Project Summary Significance: Worldwide spread of the SARS-CoV-2 virus has resulted in over 20 million confirmed human cases and 730,000 deaths from COVID-19, and cases continue to surge as there is no approved vaccine or other therapeutic modality broadly available to mitigate community spread. The virus has not only impacted human health but has also threatened national security, economic stability, and education. Broad, long term objectives: The research objectives described in this proposal will afford vetted, small molecule non-nucleoside-based inhibitors of the SARS-CoV-2 viral polymerase enzyme that will serve as lead compounds for future development and clinical evaluation targeting COVID-19 disease. Specific Aims/premise: The proposed aims are constructed to evaluate if potent, cell permeable, non-nucleot/side-based inhibitors of the SARS-CoV-2 RNA polymerase can be discovered using an integrated drug discovery pipeline. Specifically, we hypothesize that a highly efficient, dynamic computational screening method will reveal desirable hits that will be validated in antiviral assays to show target engagement and cellular efficacy. Further, medicinal chemistry optimization will tune the activity and property profiles of hits to make them suitable for evaluation in our established COVID-19 K18 hACE2 mouse models. Research design and methods: Aim 1 will identify competitive non-nucleot/side SARS-CoV-2 RdRp inhibitors from a strategically chosen compound collection using an efficient in silico screening approach developed and employed by Drs. Baudry and Smith. The hits will be ranked by binding energies and selected for confirmatory activity in the Jonsson’s lab using established cellular SARS-CoV-2 assays, along with secondary assays that validate active site inhibition of the viral polymerase. The Golden lab will lead hit validation efforts and advance hits that meet defined criteria to Aim 2. The latter aim will prioritize and evaluate specific scaffolds by medicinal chemistry optimization (Golden lab), guided by the primary and secondary assays, computational models and tiered ADME and pharmacokinetic analyses, to refine compound activity profiles that are suitable for in vivo efficacy assessments performed in the Jonsson lab.

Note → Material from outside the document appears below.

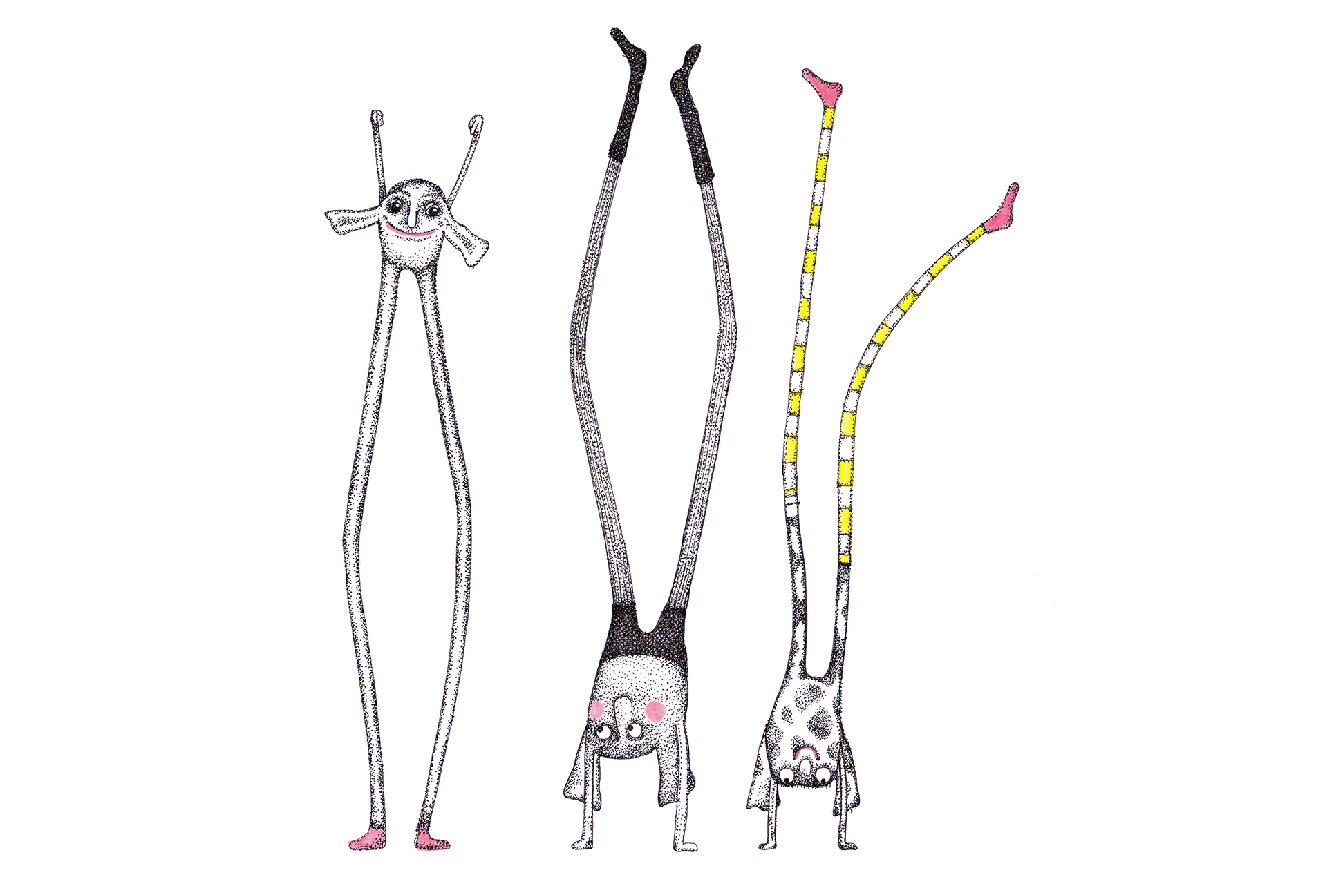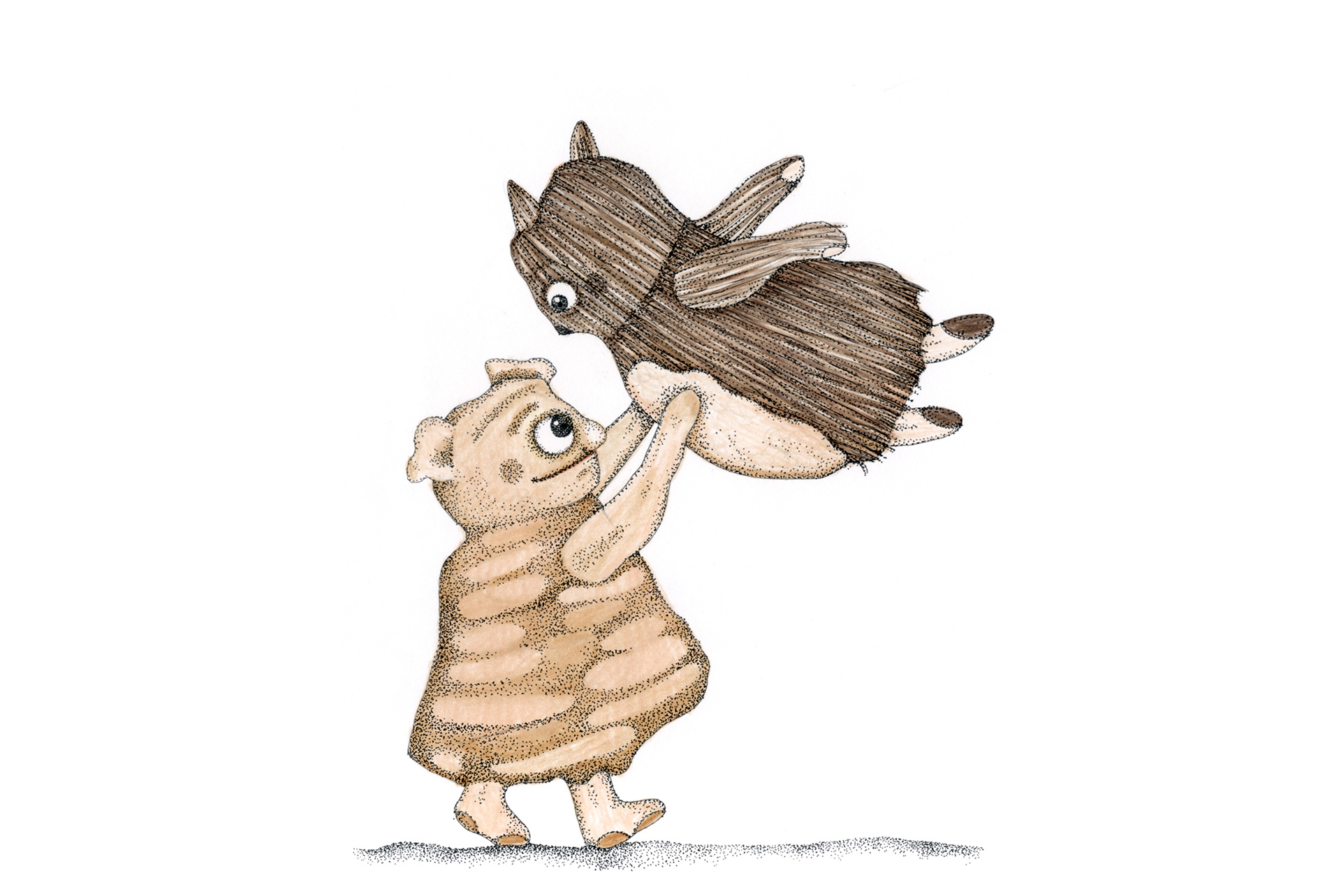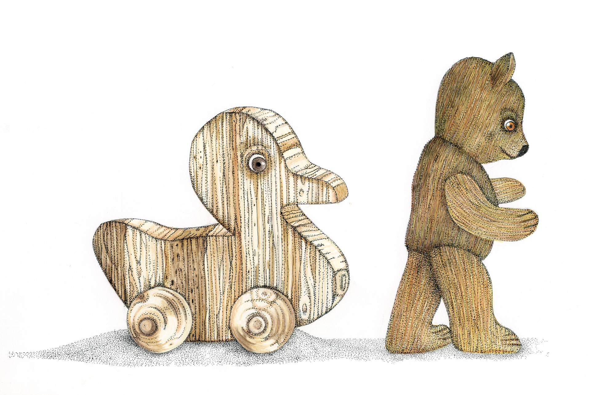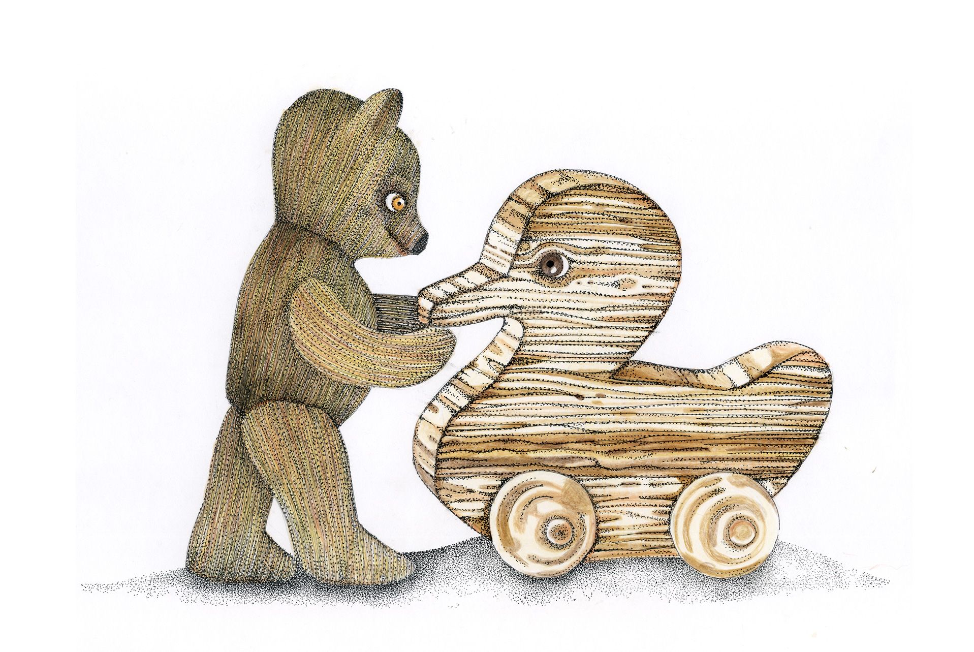 Figuren und Tiere gehen von links nach rechts. Dann – verändert oder auch nicht – kehren sie von rechts nach links zurück. Wo sind sie gewesen? Was ist in der Zwischenzeit passiert? Kehren sie überhaupt zurück und wenn nicht – Warum? Diese Arbeit war ein Teil der Ausstellung »Hin und Zurück« in der Kinder- und Jugendgalerie Weinmeister in Berlin im Jahre 2020. Beide Bilder kommen auf eine Gesamtlänge von je 430 cm.

项目摘要 意义：SARS-CoV-2病毒在全球范围内的传播已导致超过2000万人死亡， 确诊的人类病例和730，000例COVID-19死亡，病例继续激增， 没有批准的疫苗或其他广泛可用的治疗方式来减轻 社区传播。该病毒不仅影响人类健康， 国家安全、经济稳定和教育。 广泛的，长期的目标：本提案中描述的研究目标将提供 经审查的SARS-CoV-2病毒聚合酶小分子非核苷类抑制剂 酶将作为先导化合物用于未来的开发和临床评价 针对COVID-19疾病。 具体目的/前提：拟定目的旨在评价是否具有强效、细胞渗透性， SARS-CoV-2 RNA聚合酶的非核苷/核苷基抑制剂可以通过使用 一个完整的药物发现管道。具体来说，我们假设一个高效，动态的 计算机筛选方法将揭示出在抗病毒测定中将被验证的期望命中 以显示目标接合和细胞功效。此外，药物化学优化将 调整热门歌曲的活动和属性配置文件，使其适合在我们的 建立COVID-19 K18 hACE 2小鼠模型。 研究设计和方法：目标1将确定竞争性非核/侧SARS-CoV-2 使用有效的计算机模拟技术从策略性选择的化合物集合中获得RdRp抑制剂 筛选方法由Baudry和Smith博士开发和使用。点击率将被排名 通过结合能，并在Jonsson实验室中使用已建立的 细胞SARS-CoV-2检测，沿着验证活性位点抑制的二级检测， 病毒聚合酶黄金实验室将领导命中验证工作，并推进符合 目标2的标准。后一个目标将优先考虑和评估特定的支架， 药物化学优化（黄金实验室），由一级和二级测定指导， 计算模型和分层ADME和药代动力学分析，以优化化合物 适用于在Jonsson实验室进行的体内功效评估的活性谱。